Творчество не есть процесс имманентный, имманентно объяснимый, — указывает Бердяев, — в нем всегда есть большее, чем во всякой причине, которой хотят объяснить творчество, т. е. есть прорыв в детерминированной цепи[284]
.Соответственно метод поэтической редукции, который разрабатывал Хармс, есть метод познания трансцендентного, метод проникновения в сферу вещей-в-себе, в которой «чистый» предмет, его «пятое сущее значение», определяющее его бытие, имеет свой эквивалент в системе понятий, выступая как «чистое» слово. «Только мы, поэты „Академии Левых Классиков“, рождаем свои вещи в третьем плане», — говорит Хармс в одном из вариантов своего поэтического манифеста, подразумевая под третьим планом «жизнь за миром» (Дневники
, 445).
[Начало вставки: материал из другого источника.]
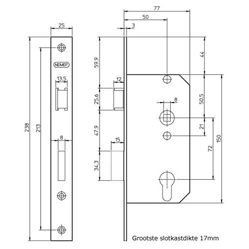 | Afmeting voorplaat 238 x 25 mm | |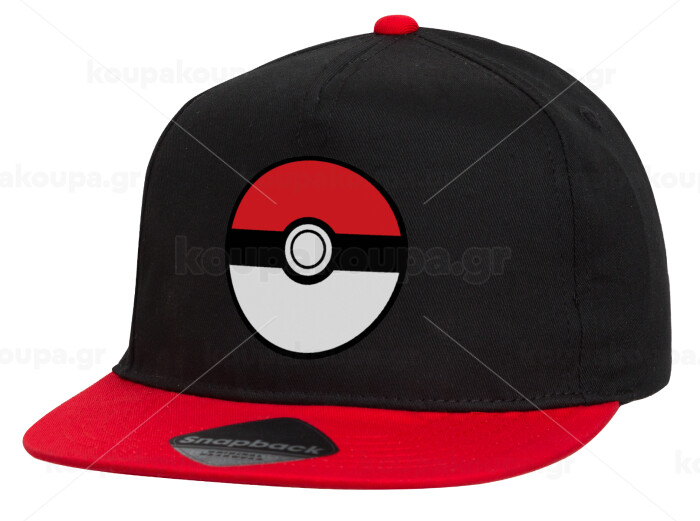 Pokemon ball, Καπέλο παιδικό Flat Snapback, Μαύρο/Κόκκινο (100% ΒΑΜΒΑΚΕΡΟ, ΠΑΙΔΙΚΟ, UNISEX, ONE SIZE)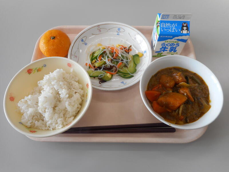 1学期最後の給食のメニューは、【牛乳・チキンカレーライス・アーモンドサラダ】です。明日12日(土)~16日(水)まで3連休+秋休みとなります。そして、2学期が始まってすぐの18日(金)は阿蘇郡市の駅伝大会となります。ということで、本日は【1学期ラスト】及び【駅伝応援メニュー】となっています。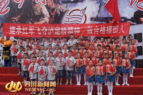 四川新聞網(wǎng)甘孜5月30日訊(瀘宣)為紀(jì)念紅軍飛奪瀘定橋勝利77周年,進一步促進學(xué)校創(chuàng)先爭優(yōu)及校風(fēng)建設(shè)活動的深入開展,5月29日上午,瀘定縣成武小學(xué)全體師生懷著對紅軍精神的無限崇敬以及對革命先烈的緬懷之情隆重舉行了以“弘揚紅軍長征精神、爭做四好少年”為主題的紀(jì)念紅軍飛奪瀘定橋勝利77周年文藝匯演。瀘定縣人大主任胡林、副主任周伯云、縣委宣傳部領(lǐng)導(dǎo),共青團瀘定縣委書記劉小會參加了本次慶;顒。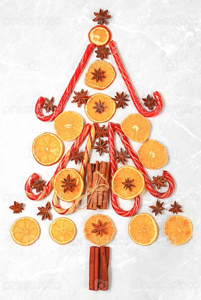 Рождественский фон в виде съедобной елки с традиционными зимними специями для повышения иммунитета в холодный период. Звездчатый анис, корица, сушеные апельсины и мандарины на темном фоне. Канун Нового года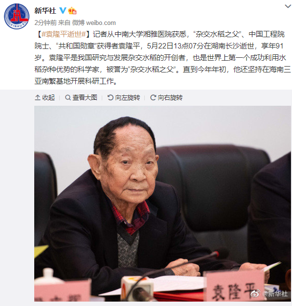 据新华社报道,记者从中南大学湘雅医院获悉,“杂交水稻之父”、中国工程院院士、“共和国勋章”获得者袁隆平,5月22日13点07分在湖南长沙逝世,享年91岁。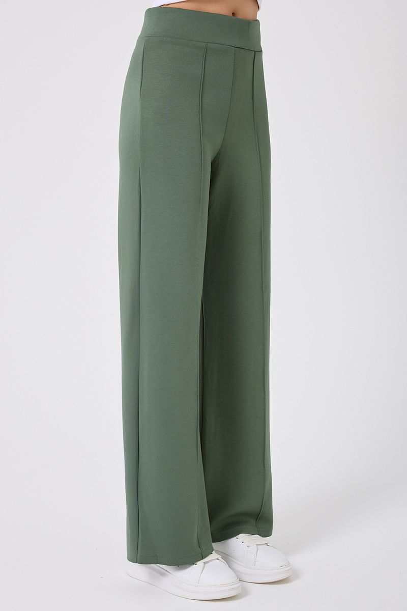 The Nervur Detail Palazzo Sweatpants are suitable for modest dressing and can be comfortably used in all seasons. Made from modal fabric, these pants are unlined and can be washed at 30 degrees with a gentle cycle. The waistband is elasticated, and the displayed model is size S.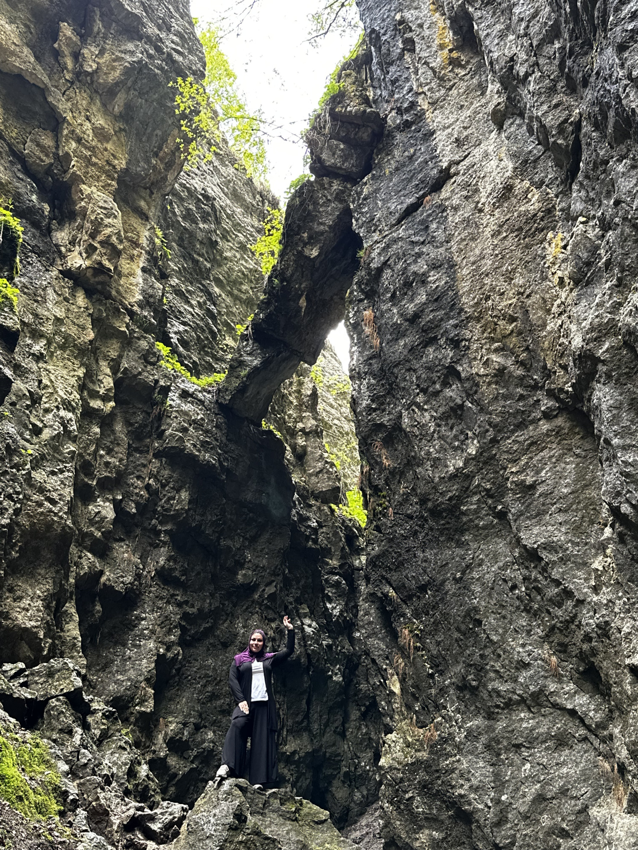 Завтракаем и едем в Карадахскую теснину — живописное ущелье с нависающими над тобой каменными глыбами.

На самом деле слово «рождение» не совсем адекватно передает смысл данного процесса: поэт не «рождает» еще одну вещь, усугубляя тем самым тяжесть бытия; напротив, очищая предмет, он преодолевает земное время и выходит в вечность, причащаясь вневременности божественного творчества. Каждый его творческий акт кончает, по словам Бердяева, этот мир, преобразуя его в мир радости и чистоты, каким он был создан Богом. Не нужно, однако, думать, что поэт довольствуется лишь вторичной ролью своеобразного «чистильщика» предметов, ведь «творчество по метафизической своей природе есть всегда творчество из ничего, т. е. из меонической свободы, предшествующей самому миротворению»[285]. Именно в этом элементе несотворенной свободы, который отсутствует в рождении, заключается отличие от него творчества; по словам Бердяева, «творчество есть переход небытия в бытие через акт свободы»[286]. Художник не только возвращает миру его исконную чистоту, но и творит его заново. Пользуясь выражением русского философа, «мир творится не только Богом, но и человеком, он есть Богочеловеческое дело»[287]. Как бы вторя ему, Хармс пишет в письме к К. Пугачевой: «Во все, что я делаю, я вкладываю сознание, что я творец мира»[288].Итак, поэтическая доктрина Хармса подразумевает, что контроль над объектами не является самоцелью и нужен лишь постольку, поскольку он позволяет выйти из-под контроля объектов же. Преодоление контроля объектов тварного мира над человеком знаменует, таким образом, и конец контроля человека над ними: вот почему в той сфере, которая, по Хармсу, находится за миром, пятое, «сущее», значение предмета проявляет себя как его свободная воля, то есть находится «вне связи предмета с человеком и служит самому предмету» (Псс—2,
306). Человек, достигший этой сферы, перестает быть наблюдателем, превращаясь в «предмет, созданный им самим». В результате достигается равновесие между предметом и человеком, которое исключает как подчинение человека предмету, так и зависимость предмета от человека; последнее возможно еще и потому, что, переставая быть наблюдателем, человек утрачивает свои «рабочие» значения, другими словами, перестает рассматривать предмет с точки зрения его утилитарного предназначения. К тому же человек становится предметом, созданным им самим, то есть самоустраняется из нескончаемой череды поколений, в которой каждый следующий ее член создается предыдущим. Точно так же и предмет теряет своего отца: «Пятым, сущим значением предмет обладает только вне человека, т. е. теряя отца, дом и почву» (Псс—2, 306). Соответственно свободу обретает и слово, ибо пятое значение предмета в системе понятий есть свободная воля слова. Таким образом, жизнь за миром, в которой и происходит возникновение поэтической вещи, есть прежде всего сфера свободы, свободы добытийственной, меонической. Переносясь в жизнь за миром, поэт возвращается в эпоху Бога-Отца, когда мир существовал лишь в потенциальности как божественная идея. «Но существует ли несовершившееся?» — спрашивает Хармс и сам же отвечает: «Я думаю, что в вечном — да» (Дневники, 453). В вечности предметы и слова существуют в той идеальной форме, какая была им придана Богом.